项目立足我国建筑材料循环再生与智能化发展战略，改变以往强化再生骨料界面薄弱区的研究思路，而是“扬长避短”利用再生骨料界面疏松多孔易于寄居微生物的良好载具性，制备自修复混凝土这类智能化建材。不仅解决了自修复混凝土载体选择时载具性与力学性不平衡的问题，更是降低了二者生产成本、拓展了应用范围。项目紧紧围绕再生骨料界面这一影响微生物载具性、材料力学性能、内外温湿度响应的关键因素，开展长期荷载-环境侵蚀-温湿度耦合作用下自修复混凝土构件开裂机理研究，采用与多种界面组合形式相对应的界面定量参数，综合反应微生物载具性、界面微观长厚度、模量、薄弱区力学时变性能，建立与界面形式对应的人工模拟环境与材料内环境温湿度响应谱，并依此提出长期温湿度环境试验模拟方法，系统解决长期多因素耦合作用下该类建材构件裂缝修复效能与抗裂机理问题。研究成果对同时推动我国建筑材料可持续化与智能化发展具有重要的科学意义和工程应用价值。

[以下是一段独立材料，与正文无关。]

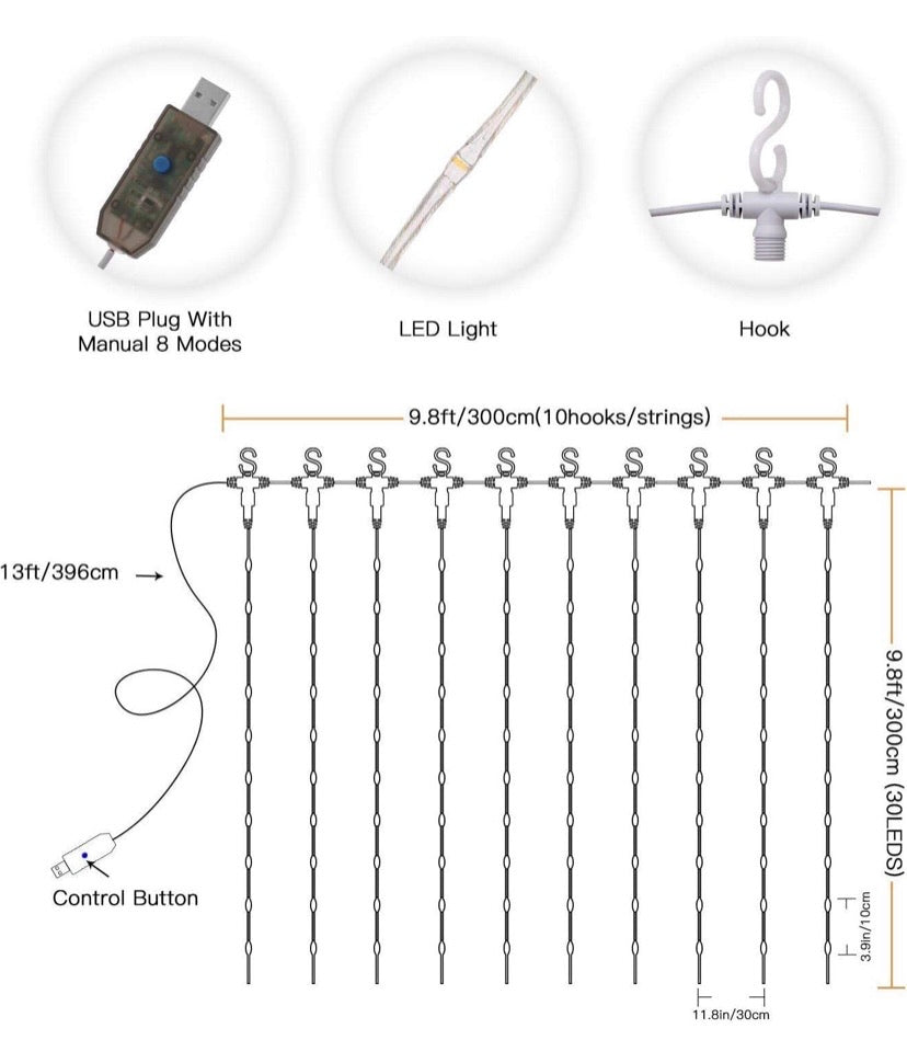 - Easy to Use- The whole string light measures 9.8inch in length and 9.8inch in width, consisting 10 strips and 300 lights, simple to sort out and install.

项目立足我国建筑材料循环再生与智能化发展战略，“扬长避短”利用再生骨料界面的良好载具性，制备自修复混凝土智能化建材。不仅解决自修复混凝土载体选择时载具性与力学性不平衡的问题，更降低了二者生产成本、拓展应用范围。通过开展微生物自修复再生混凝土制备方法及最优配合比试验研究，系统研究不同界面微生物活性、修复时间、载体粒径、菌液浓度等因素的修复效能，结果表明裂缝宽度为0.2mm时再生骨料粒径小于5mm、菌液浓度40%及载体占比30%的自修复混凝土修复效能最佳；通过开展微生物自修复再生混凝土微观产物及界面粘结强度试验研究，系统分析了修复产物的形貌、成分、生成量、矿化沉积机理与界面的粘附性能，建立了不同界面的粘结机理及粘附力模型；通过开展微生物自修复再生混凝土力学性能试验研究，系统分析了应力-应变曲线模型与力学性能恢复表征，建立了微生物自修复再生混凝土损伤模型，提出了力学性能恢复机理；通过开展微生物自修复再生混凝土干湿循环下抗氯盐侵蚀试验研究，系统研究了干湿循环下氯离子扩散机理及扩散六相数值模型，建立了氯盐侵蚀模型；通过开展长期荷载-环境温湿度-氯离子侵蚀耦合下微生物自修复再生混凝土耐久性与孔隙结构试验研究，系统研究了多因素耦合下微生物自修复再生混凝土内部温度响应、相对湿度响应、氯离子浓度分布的规律与机理，及孔隙结构变化；基于五相复合材料的随机骨料再生混凝土模型，以钢筋锈蚀诱导期为耐久性极限状态，提出了微生物自修复再生混凝土在长期荷载-环境温湿度-氯离子侵蚀耦合下耐久性寿命预测数值模型。以上研究解决了长期多因素耦合作用下该类建材构件裂缝修复效能与抗裂机理问题，研究成果对同时推动我国建筑材料可持续化与智能化发展具有重要的科学意义和工程应用价值。